In this issue of Toxic News, four authors address the toxic cycle involving natural resources and their devastating impact upon the environment and people’s lives in different geographical regions. In “Coal Mining, Ecological and Environmental Disasters in China”, Zhang Yulin uses statistics to illustrate the severe ecological disasters caused by coal mining in Shanxi Province and villagers’ suffering of living in fear in houses on top of hollowed and sinking land that might collapse at any minute. On the other side of the Earth, in La Oroya in Peru, social and economic crisis have been accompanying the opening and closing of lead factories. In “Lead, Politics and Community”, Pamela Neumann illustrates how the Peruvian town was transformed from a small community to a major metal factory that resulted in dangerously high levels of lead and sulfur dioxide exposure among its inhabitants, particularly children. She presents the dilemma of living on contaminated land and the fear of losing place-identity if the inhabitants were to move away. In “Into a Frozen Inferno: Personal and Historical Trajectories in Monchegorsk”, Andy Bruno draws upon his new book ‘The Nature of Soviet Power’, and tells his personal experience of travelling and researching the sordid history of industrial pollution on the Kola Peninsula in the post-Soviet north.
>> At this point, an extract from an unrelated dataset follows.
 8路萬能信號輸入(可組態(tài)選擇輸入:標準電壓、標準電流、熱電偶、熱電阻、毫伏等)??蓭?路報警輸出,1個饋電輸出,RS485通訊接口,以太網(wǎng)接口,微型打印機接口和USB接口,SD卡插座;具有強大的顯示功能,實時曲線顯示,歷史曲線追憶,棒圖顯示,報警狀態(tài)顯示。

The fourth article, “Toxic Canals” by Simona Grano, takes us to southern Europe, to Venice, the picturesque canal city, not to understand its grand history, culture and civilization, but its comparatively invisible toxic canals surrounded by chemical plants with flare towers standing tall.
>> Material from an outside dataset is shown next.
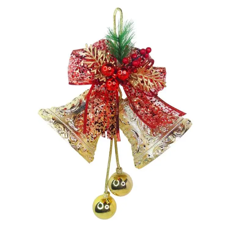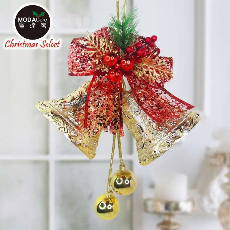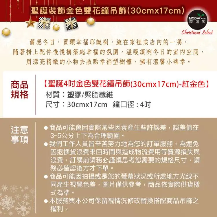 【預購】摩達客-聖誕3吋裝飾金色雙花鐘吊飾(紅金系)(下單後5個工作日出貨)_廠商直送

In this issue, we also have articles relating to issues of climate change, green labelling, electronic waste, and nuclear testing. In “Climate Change, Eco-Labelling, Corporate and Consumer Responsibility”, India Holme leads us to a journey starting from the (non)recycling of pizza boxes and the sustainability life cycle of a plastic water bottle to our daily consumption, its relation to climate change and its impact upon the global south, and to government regulation, business obligation of informative labeling, and consumer responsibility. Yvan Schulz makes thoughtful analysis in “Toxic E-Waste, Oriented Science” about electronic waste recycle factories in southern China and the limit of science in understanding environmental pollution and toxicity. Lastly but by no means least, in “Grapple Slings and Moonshine: Conversations with the men who tested atomic weapons on Christmas Island”, Becky Alexis-Martin draws upon her ongoing research about the lives and experiences of the families of British nuclear test veterans. She tells vivid stories of two soldiers who travelled far from their families and homes to test nuclear bombs during the Cold War.